Records to process section start

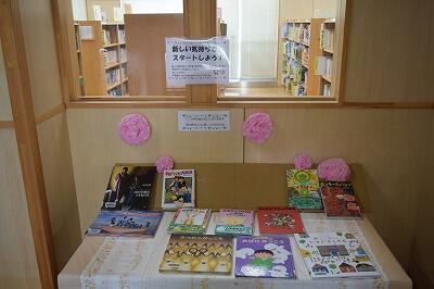 本校の図書館脇廊下には、図書コーナーを設置しています。年度初めということで、今月のテーマは「学校」です。子どもたちに楽しんで読んでもらいたいです。また、各階段には、額に入れた児童の絵画を展示しています。1年間で、全児童の作品を展示しています。
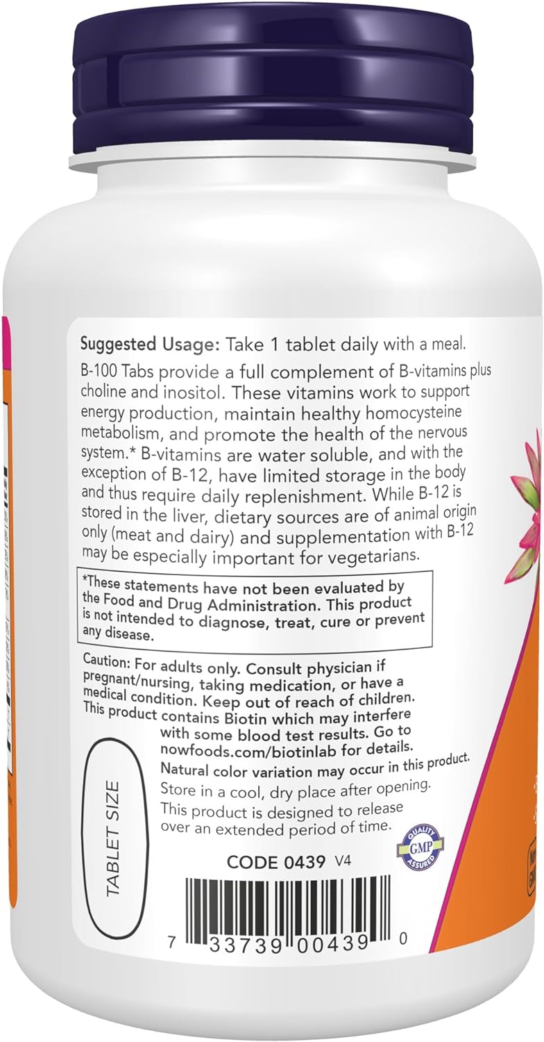 Now Supplements, Vitamin B-100, Sustained Release, Energy Production*, Nervous System Health*, 100 Tablets
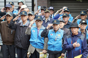 18일 오전 인천시 중구 자유공원 인천학도의용대호국기념탑 앞에서 열린 ‘제19회 인천학도의용대 전사자 및 작고회원 합동추모제’에서 학도의용대 회원들이 경례하고 있다. /연합뉴스
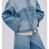 Donela denimjakken er et markant og moderne bud på en klassisk denimjakke. Den er udført i en lys, forvasket denim, som giver et cool og afslappet udtryk. Jakken har et kort og oversized fit, der skaber en flatterende og nutidig silhuet, mens de brede, opsmøgede ærmer og store sidelommer tilføjer karakter og visuel kant.
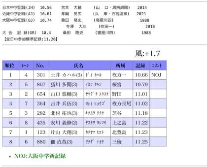 本日、16時10分第48回大阪中学校陸上競技選手権大会、100m男子共通の決勝レースが行われました。
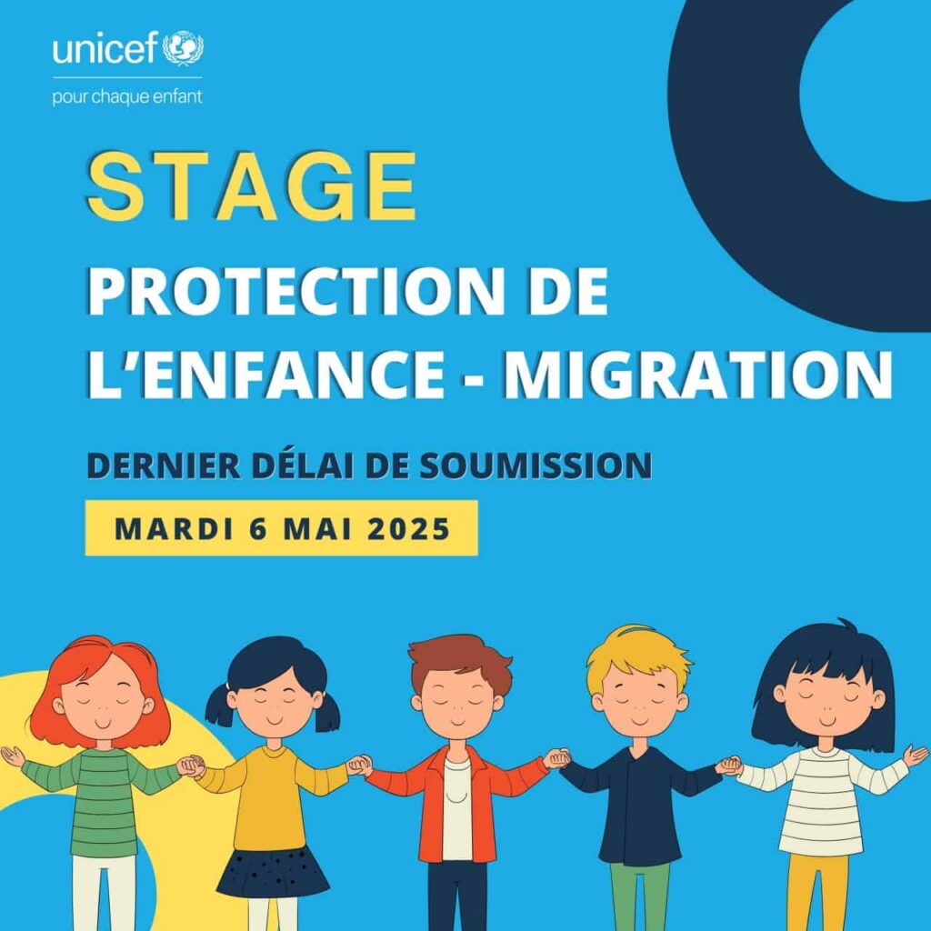 UNICEF Rabat : Découvrez deux opportunités de stage chez UNICEF Rabat pour contribuer activement à la protection des droits des enfants, notamment ceux en situation de migration. Rejoignez une mission humanitaire enrichissante et développez vos compétences professionnelles
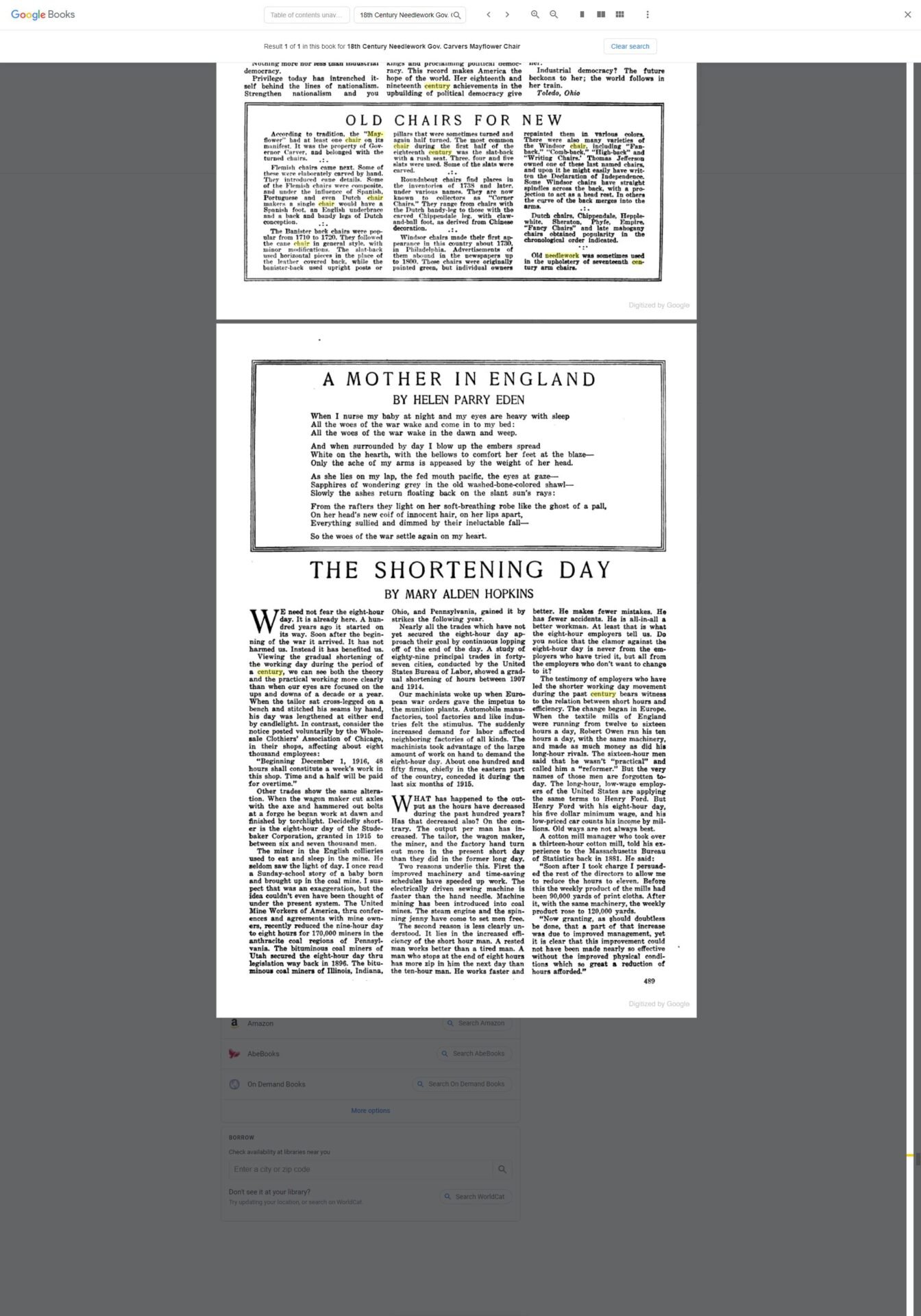 18th Century Silk Needlework Bookmark Governor John Carver Mayflower Chair – Americana

Records to process section end

§ Exercise instructions: Find the line with "UNICEF Rabat : Découvrez". Reproduce it and every line after it through the last line above exactly, leaving out the pictures.

§ Solution:
 UNICEF Rabat : Découvrez deux opportunités de stage chez UNICEF Rabat pour contribuer activement à la protection des droits des enfants, notamment ceux en situation de migration. Rejoignez une mission humanitaire enrichissante et développez vos compétences professionnelles
 18th Century Silk Needlework Bookmark Governor John Carver Mayflower Chair – Americana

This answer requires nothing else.